The Voting Regression approach showed an improvement of the Pearson correlation coefficient of the training set; however, for the test set, the performance decreased. These results might be traced back to overfitting of the training set. However, the decrease in the test set might also be explained by the imbalances between the training and test set.

Approach 2: M-Heads

Adding M = 4 heads to BERT increased the Pearson correlation coefficient of both the training and test set as compared to ClinicalBERT. Especially for the test set, this indicates that the combination of the different heads improves BERT’s performance.

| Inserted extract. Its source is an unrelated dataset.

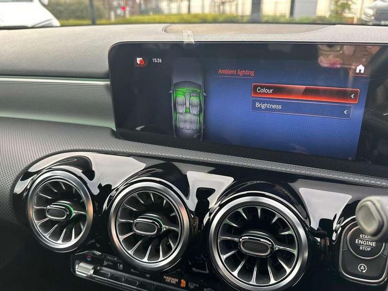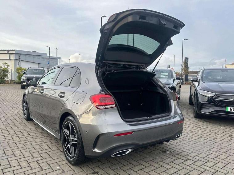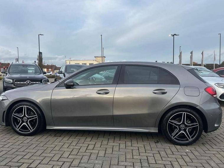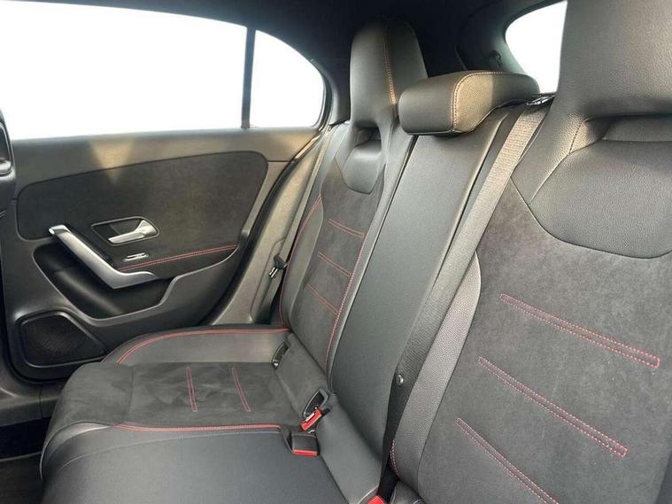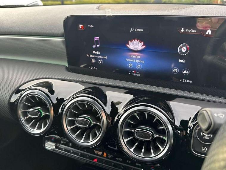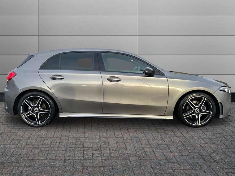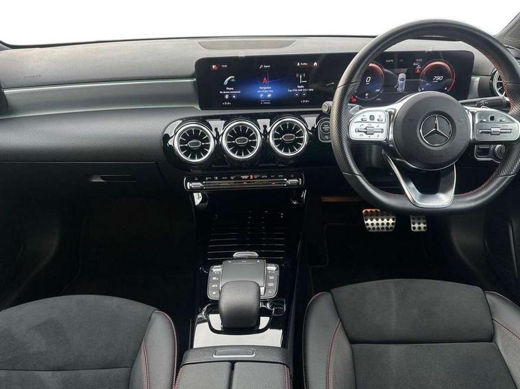 10.25" Digital instrument cluster display screen, 10.25" media display, 180 degree rear view camera with parking guidelines, Active parking assist with visual and audible warning of detected obstacles, Attention assist, Brake pad wear indicator warning light, Car wash mode, Cruise control + speed limiter, Direct steering, Dual bluetooth interfaces, DYNAMIC SELECT with a choice of driving modes (ECO, Comfort, Sport and Individual), ECO start/stop function, Fluid level warning indicator for fuel, oil, coolant and washer fluid, Hard-disk navigation, Hey Mercedes Voice activation, Lamp failure indicator, Lane keeping system, Mercedes me connect including emergency call system, accident recovery, breakdown and maintenance management, Mercedes me remote services, Outside temperature gauge, Owners manual in English, Pre-installation for private car sharing, Preinstallation for Mercedes Benz link, Service indicator (ASSYST), Smartphone integration with Apple CarPlay and Android auto, Speed limit assist, Speed sensitive power steering, Trip computer, Ultrasonic sensors positioned in the front and rear bumpers, Lowered comfort suspension, Rear axle torsion beam, 2 USB ports (type C) in rear stowage compartment and one in front of center console, 6 speakers, DAB Digital radio, MBUX multimedia system with DAB digital radio and touchpad including satellite navigation, Mercedes-Benz sound system - 100W, 4 Electric Front and Rear windows, Adaptive brake lights, AMG bodystyling - Front apron with splitter in chrome, rear apron with chrome trim and chrome visible trim elements in tailpipe, Automatic headlights, Black weather strip, Body colour bumpers, Body colour door handles with chrome inserts, Body colour side skirt, Electric adjustable and heated door mirrors with integrated LED side indicators, Exclusive diamond radiator grille, Exhaust system - Twin visible tailpipes in polished stainless steel, Headlamp assist automatic headlamp activation, Heated glass rear windscreen + timer control, LED High level third brake light, LED high performance headlamps with integrated LED daytime running lights, LED tail lamp, Privacy glass, Radio aerial, Rain sensing windscreen wipers with two sensitivity settings, Rear fog lights, Rear side wing doors, Rear wiper, 3 seat bench in 2nd row, 3 Spoke flat bottom leather multi function steering wheel with perforated leather in grip area, 40:20:40 split folding rear seats, Artico man-made leather/Microfibre Dinamica upholstery with red contrast stitching, Auto Mercedes-Benz child seat recognition sensor, Black air vents with surround in silver chrome, Black roof lining, Brushed stainless steel sports pedals with rubber studs, Controller on centre console with chrome surround, Floor mats with AMG lettering, Front centre armrest with storage compartment, Front seat backs luggage nets, Galvanished gear shift paddles on steering wheel, Heated front seats, Height/reach adjustable steering column, Illuminated Mercedes Benz lettering front door sills with changeable cover, Interior lighting - 64 colour Ambient lighting, Interior mirror with reading lamps in black and frameless, Manual height adjustable front seats, Rear head restraints, Seat occupancy sensor for front passenger seat, Single front passenger seat, Sports seats with integrated headrests, Stowage compartment in centre console with retractable cover, Sunvisors with illuminated vanity mirrors, Touchpad on center console, Twin front cupholders, Two zone thermotronic luxury automatic climate control, Light and sight pack - A Class, Mirror package - A Class, Night pack - A Class Saloon/Hatchback, Seat comfort pack - A Class, 3 rear 3 point seatbelts, ABS with Brake Assist, Active bonnet, Active brake assist includes forward collision warning system with autonomous braking, Adaptive brake assist with hold function and hill start assist, Black seatbelts, Childproof locks manually operated for rear doors and electrically operated for rear power windows, Crash responsive emergency lighting, Driver and passenger head and side airbags, Drivers knee airbag, Dual stage driver/passenger airbags, Electronic parking brake, ESP curve dynamic assist, ESP with ASR, Front and rear seatbelt reminder, Front brake callipers with Mercedes Benz lettering, ISOFIX and top tether child seat fixing points in two outer rear seats, Tyre pressure monitoring system, Warning triangle and first aid kit, Window airbags, Alarm system/interior protection/immobiliser, Keyless Go, Remote central locking and crash sensor with emergency opening function, Urban guard vehicle protection system with immobiliser and interior protection, Matrix look light longitudinal grain aluminium trim element, 18" AMG 5 twin spoke light alloy wheels aerodynamically optimised painted in black with highsheen finish, Summer tyres, Tirefit sealant kit,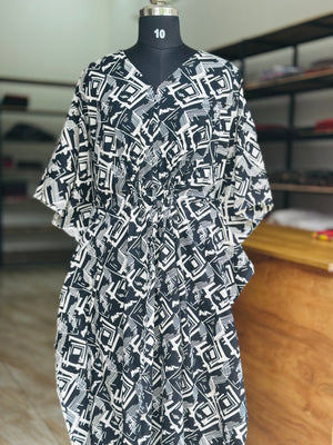 Premium zigzag print kaftan in jaipur cotton fabric with centre zip

Approach 3: Medication Graph

Replacing the scores of the sentence subset which prescribes medications (cluster 3) with the medication graph scores led, in both cases (approaches 1 and 2), to an improvement for the test set. For the training set, however, we saw only marginal improvements, such as 0.860 to 0.862 from approach 1 to approach 3. This might be due to the Pearson correlation coefficient metric. In our experiments, we also evaluated our approaches with the Mean Squared Error between the predictions and the ground truth only on the subset of medication sentences. Without applying the medication graph (approach 1), we obtained a Mean Squared Error of 0.70, and with the medication graph (approach 3) a Mean Squared Error of 0.58. Combining the M-Heads approach with the medication graph yielded our best results for the test set, which indicates that BERT does have problems handling this domain-specific knowledge and therefore cannot cope well with these specific types of sentences.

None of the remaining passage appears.